### [Work item]
In this exercise, retype exactly the lines from the start of the entries through the line bearing "Постирочная комната: стиральная", leaving every picture out.

──────────

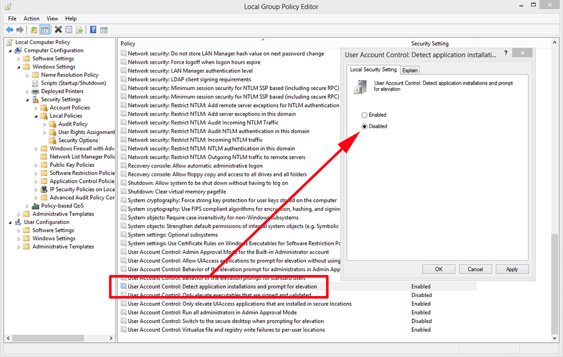 Step 3. Find the User Account Control: Run all administrators in Admin Approval Mode policy, double-click on it, and select Disabled. Click Apply, then OK.
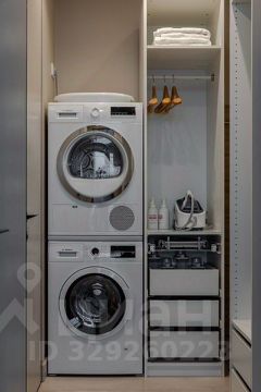 Постирочная комната: стиральная и сушильная машины, парогенератор для ухода за одеждой, пылесос и другой инвентарь для уборки.
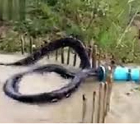 Uma cobra enorme ficou presa em uma armadilha, em vídeo viralizado via Twitter. As imagens são impressionantes. O animal desliza por um espelho d'água até o cercado onde ficam as galinhas. A passagem, colocada de forma estratégica com uma armadilha, fez o réptil "cair como um patinho".
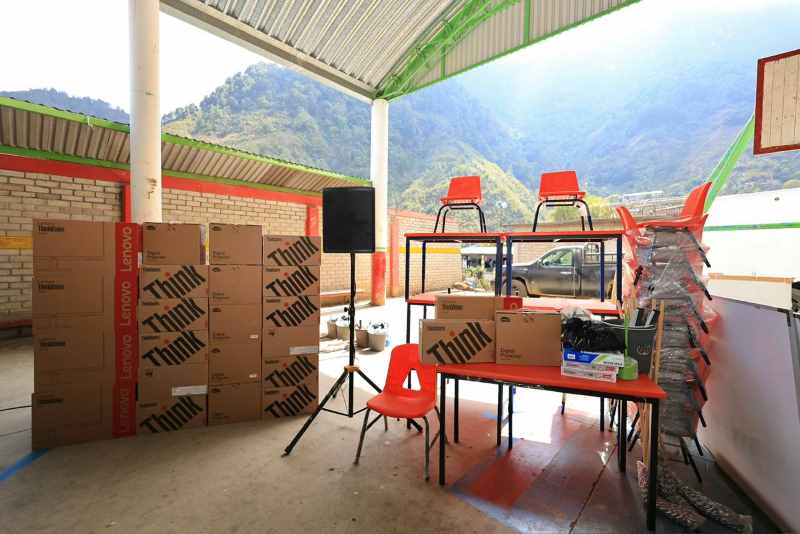 Durante este encuentro con la población, a través del Instituto Estatal de Educación Pública de Oaxaca (IEEPO), el Mandatario estatal entregó a cada una de las tres escuelas de la agencia dos computadoras, un proyector y material deportivo, de aseo y oficina; que complementa el equipamiento con lotes de mobiliario, sillas y mesas para docentes y pizarrones; dado anteriormente.
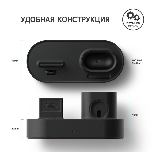 Удобная док-станция Elago предназначена для одновременной зарядки iPhone, AirPods и Apple Watch. Благодаря использованию силикона обладает необычным и стильным дизайном, не скользит и не оставляет следов царапин и потертостей. Собранные в одном месте разъемы обеспечивают простую установку кабелей и экономят пространство. Продуманная конструкция обеспечивает устойчивость зарядной станции и подключенных к ней устройств.
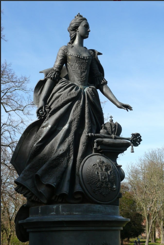 В Германии в центре города Цербст, как живая — с гордо поднятой головой, в развевающемся платье, стоит русская императрица Екатерина II.
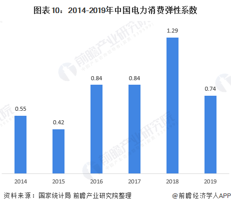 同理,電力消費(fèi)彈性系數(shù)近年來(lái)也有所下降,2019年,電力消費(fèi)彈性系數(shù)降為0.74,說(shuō)明我國(guó)電力消費(fèi)的增速也低于了我國(guó)國(guó)民經(jīng)濟(jì)的增長(zhǎng)速度,我國(guó)能源的利用效率可見(jiàn)一斑。

──────────

### [Solution to the problem]
 Step 3. Find the User Account Control: Run all administrators in Admin Approval Mode policy, double-click on it, and select Disabled. Click Apply, then OK.
 Постирочная комната: стиральная и сушильная машины, парогенератор для ухода за одеждой, пылесос и другой инвентарь для уборки.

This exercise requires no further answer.